*EXERCISE AIM:*
Entries below include pictures. Output exactly the lines from the one with "1899 (Vorläufer) Grünhain-Beierfeld, Gruss" down to the one with "Nato smo se", both ends included, and leave the pictures out.

*DATASET EXCERPTS:*
......

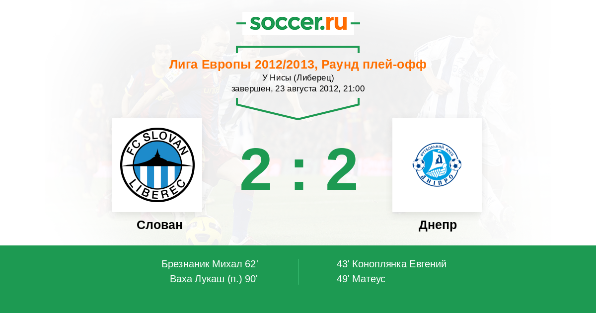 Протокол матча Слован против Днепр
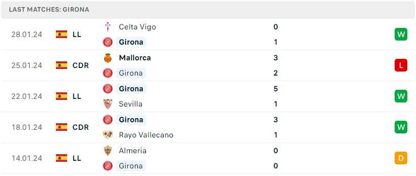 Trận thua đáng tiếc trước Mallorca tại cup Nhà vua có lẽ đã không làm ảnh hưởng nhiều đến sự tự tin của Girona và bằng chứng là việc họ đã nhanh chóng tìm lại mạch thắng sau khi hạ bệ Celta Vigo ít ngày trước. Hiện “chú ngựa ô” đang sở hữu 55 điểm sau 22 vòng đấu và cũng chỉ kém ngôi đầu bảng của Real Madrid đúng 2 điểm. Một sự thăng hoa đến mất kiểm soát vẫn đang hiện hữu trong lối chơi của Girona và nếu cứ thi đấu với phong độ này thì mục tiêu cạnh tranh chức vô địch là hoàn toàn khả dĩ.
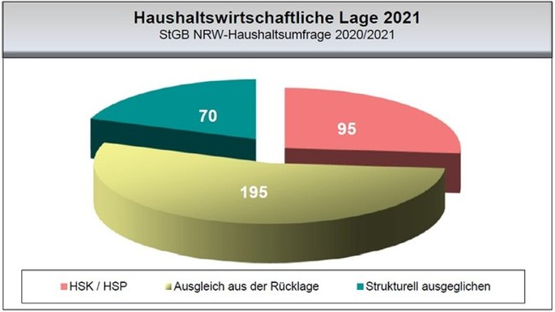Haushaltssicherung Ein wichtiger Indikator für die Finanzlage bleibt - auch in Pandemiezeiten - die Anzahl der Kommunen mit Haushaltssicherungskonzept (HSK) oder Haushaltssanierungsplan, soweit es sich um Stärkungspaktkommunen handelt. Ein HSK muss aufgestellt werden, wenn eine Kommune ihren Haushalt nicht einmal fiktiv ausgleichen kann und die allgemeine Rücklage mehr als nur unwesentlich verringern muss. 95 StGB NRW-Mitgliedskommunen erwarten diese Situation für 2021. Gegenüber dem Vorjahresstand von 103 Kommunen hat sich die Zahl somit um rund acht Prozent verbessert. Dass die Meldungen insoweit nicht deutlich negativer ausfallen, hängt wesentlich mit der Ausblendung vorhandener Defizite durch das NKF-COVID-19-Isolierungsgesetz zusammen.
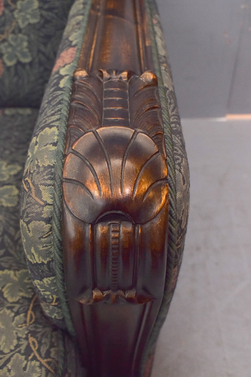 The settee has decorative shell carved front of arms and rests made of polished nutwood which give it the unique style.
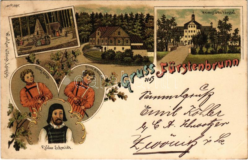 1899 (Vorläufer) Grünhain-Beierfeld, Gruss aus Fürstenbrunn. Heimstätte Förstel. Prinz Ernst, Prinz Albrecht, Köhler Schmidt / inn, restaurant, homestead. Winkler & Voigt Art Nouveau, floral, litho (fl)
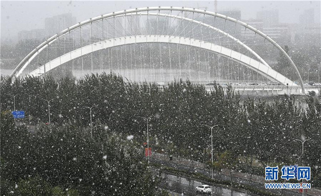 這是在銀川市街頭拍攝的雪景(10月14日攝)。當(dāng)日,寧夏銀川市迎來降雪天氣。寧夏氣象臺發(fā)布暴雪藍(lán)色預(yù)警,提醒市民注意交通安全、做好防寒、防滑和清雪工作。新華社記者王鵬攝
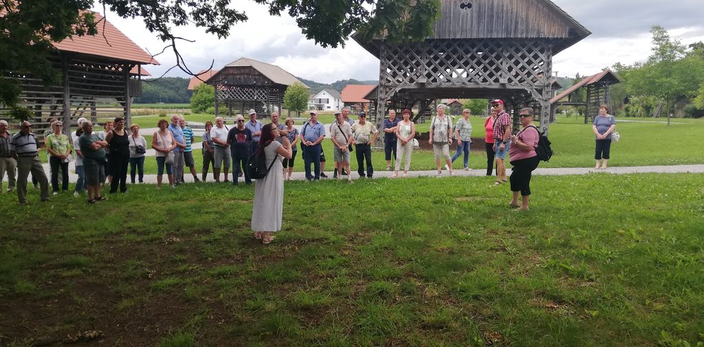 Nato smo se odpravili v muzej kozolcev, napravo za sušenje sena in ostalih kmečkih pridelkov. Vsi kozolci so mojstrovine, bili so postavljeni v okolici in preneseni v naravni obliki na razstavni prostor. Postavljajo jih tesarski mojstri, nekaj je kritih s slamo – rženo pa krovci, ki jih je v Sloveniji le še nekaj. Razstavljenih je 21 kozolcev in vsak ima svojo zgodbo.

......

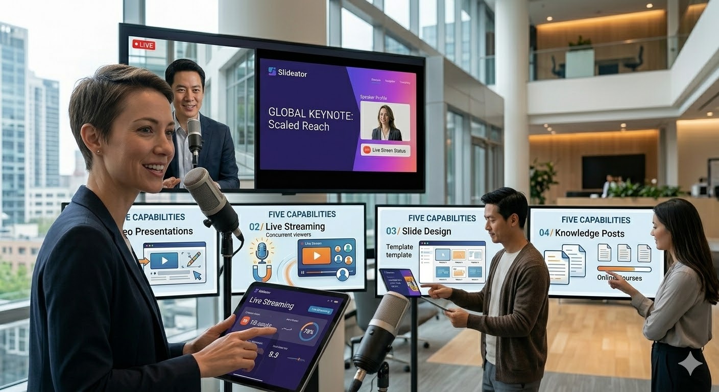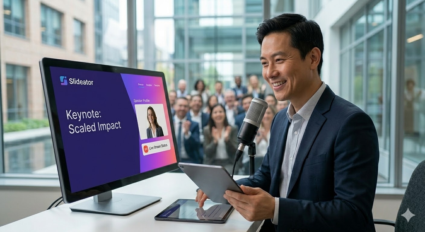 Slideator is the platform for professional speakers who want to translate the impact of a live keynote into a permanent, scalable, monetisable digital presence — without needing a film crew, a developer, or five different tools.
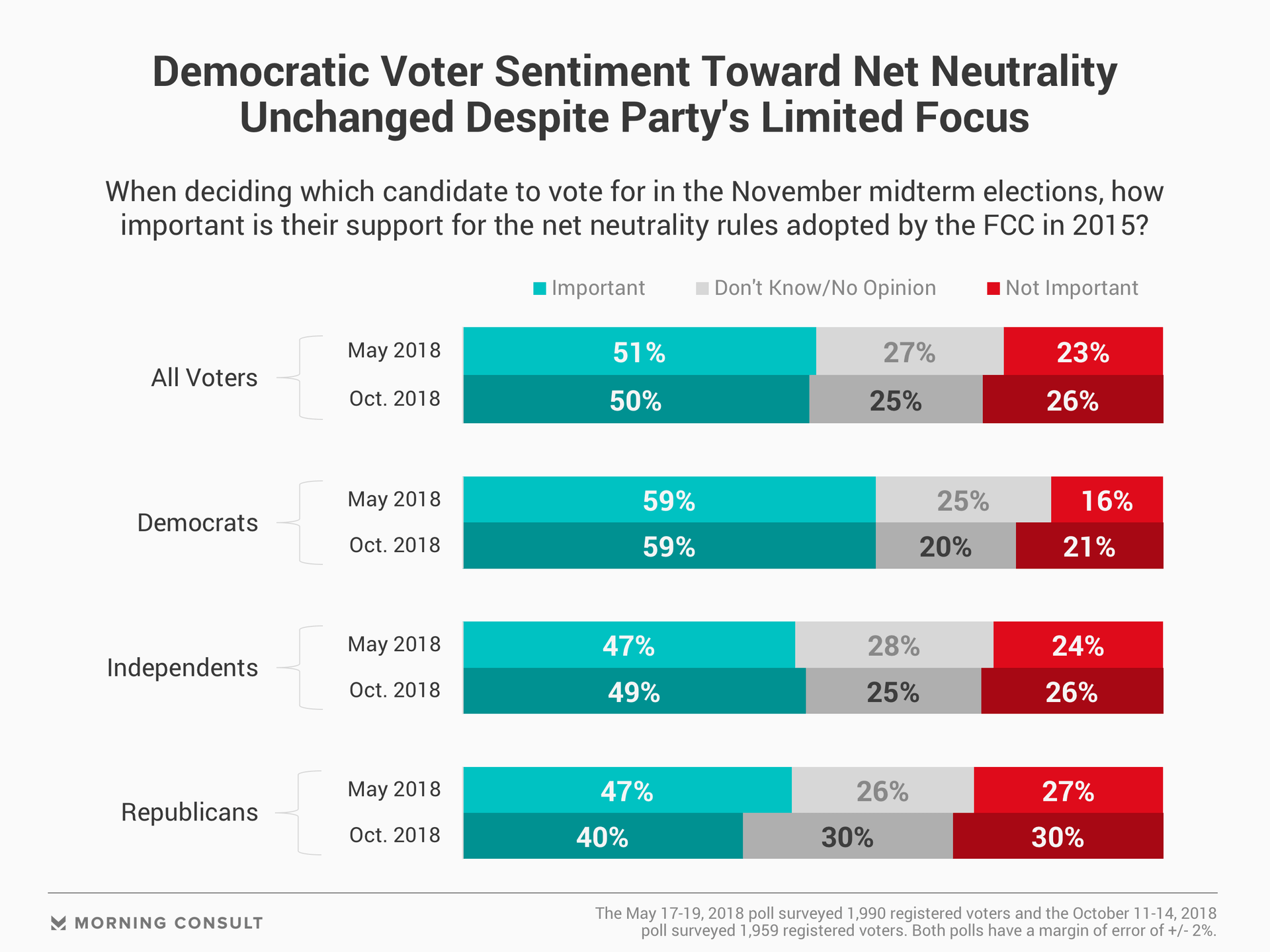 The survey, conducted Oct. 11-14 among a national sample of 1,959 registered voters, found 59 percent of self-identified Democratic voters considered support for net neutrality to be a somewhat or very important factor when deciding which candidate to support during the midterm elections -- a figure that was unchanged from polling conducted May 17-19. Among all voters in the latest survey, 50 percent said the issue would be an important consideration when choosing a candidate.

......

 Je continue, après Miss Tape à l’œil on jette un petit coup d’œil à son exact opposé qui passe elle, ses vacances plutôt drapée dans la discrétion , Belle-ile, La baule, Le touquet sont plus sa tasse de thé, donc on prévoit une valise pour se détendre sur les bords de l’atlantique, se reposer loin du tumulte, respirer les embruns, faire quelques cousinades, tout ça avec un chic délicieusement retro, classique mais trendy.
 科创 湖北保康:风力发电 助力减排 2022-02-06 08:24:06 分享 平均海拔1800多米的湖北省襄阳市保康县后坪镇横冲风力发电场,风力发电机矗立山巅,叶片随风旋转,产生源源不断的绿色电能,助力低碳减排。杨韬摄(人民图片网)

......

*THE COMPLETED TASK:*
 1899 (Vorläufer) Grünhain-Beierfeld, Gruss aus Fürstenbrunn. Heimstätte Förstel. Prinz Ernst, Prinz Albrecht, Köhler Schmidt / inn, restaurant, homestead. Winkler & Voigt Art Nouveau, floral, litho (fl)
 這是在銀川市街頭拍攝的雪景(10月14日攝)。當(dāng)日,寧夏銀川市迎來降雪天氣。寧夏氣象臺發(fā)布暴雪藍(lán)色預(yù)警,提醒市民注意交通安全、做好防寒、防滑和清雪工作。新華社記者王鵬攝
 Nato smo se odpravili v muzej kozolcev, napravo za sušenje sena in ostalih kmečkih pridelkov. Vsi kozolci so mojstrovine, bili so postavljeni v okolici in preneseni v naravni obliki na razstavni prostor. Postavljajo jih tesarski mojstri, nekaj je kritih s slamo – rženo pa krovci, ki jih je v Sloveniji le še nekaj. Razstavljenih je 21 kozolcev in vsak ima svojo zgodbo.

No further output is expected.